What the exercise asks |
Transcribe the listing in full, excluding any pictures.

Given data |
********************

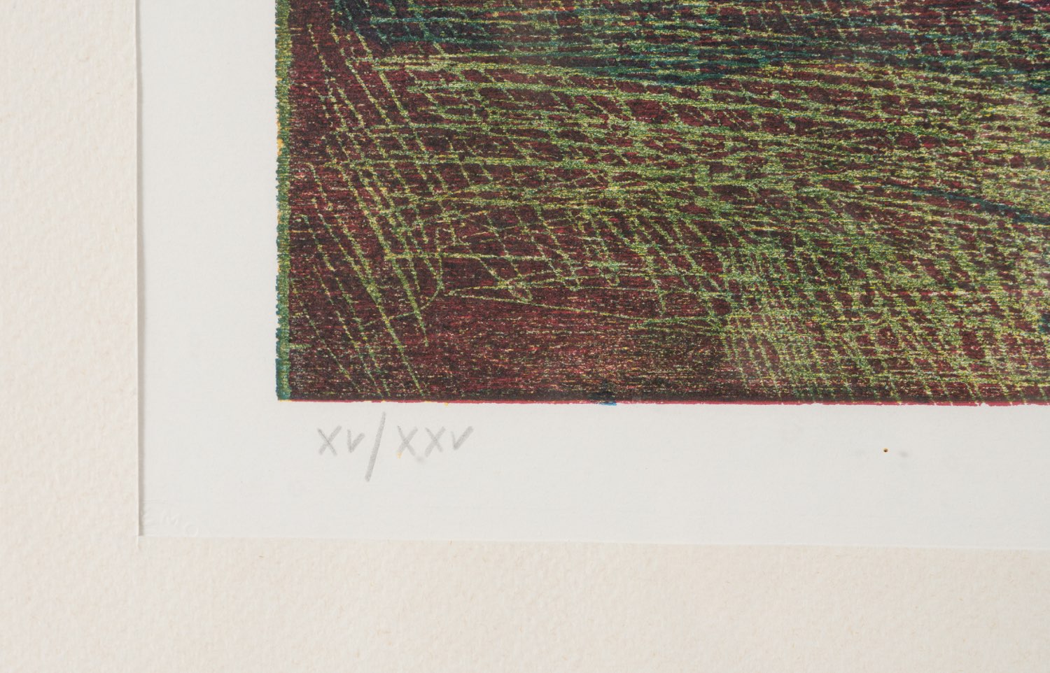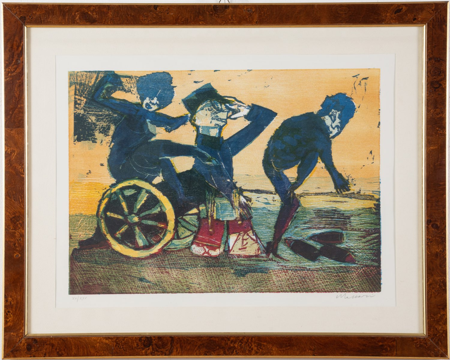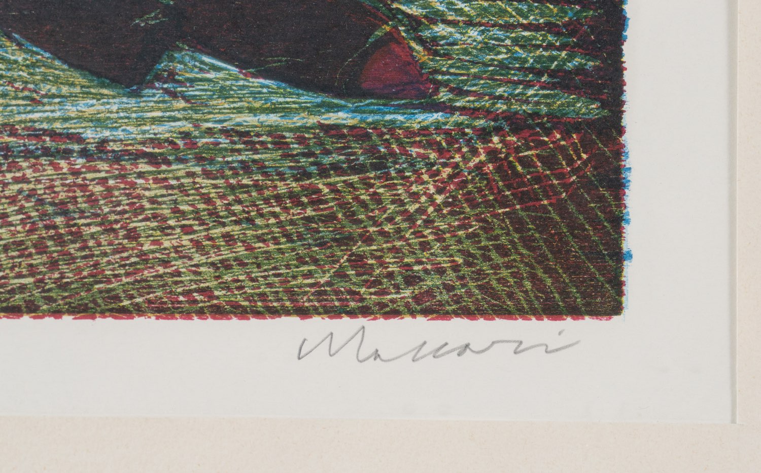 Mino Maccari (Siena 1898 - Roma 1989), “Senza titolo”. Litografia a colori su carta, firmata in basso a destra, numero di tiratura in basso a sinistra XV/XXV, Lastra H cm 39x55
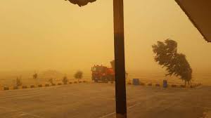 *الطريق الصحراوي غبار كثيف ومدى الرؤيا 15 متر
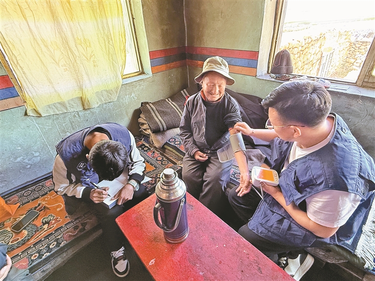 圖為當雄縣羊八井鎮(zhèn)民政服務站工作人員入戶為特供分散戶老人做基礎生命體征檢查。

********************

Task result |
 Mino Maccari (Siena 1898 - Roma 1989), “Senza titolo”. Litografia a colori su carta, firmata in basso a destra, numero di tiratura in basso a sinistra XV/XXV, Lastra H cm 39x55
 *الطريق الصحراوي غبار كثيف ومدى الرؤيا 15 متر
 圖為當雄縣羊八井鎮(zhèn)民政服務站工作人員入戶為特供分散戶老人做基礎生命體征檢查。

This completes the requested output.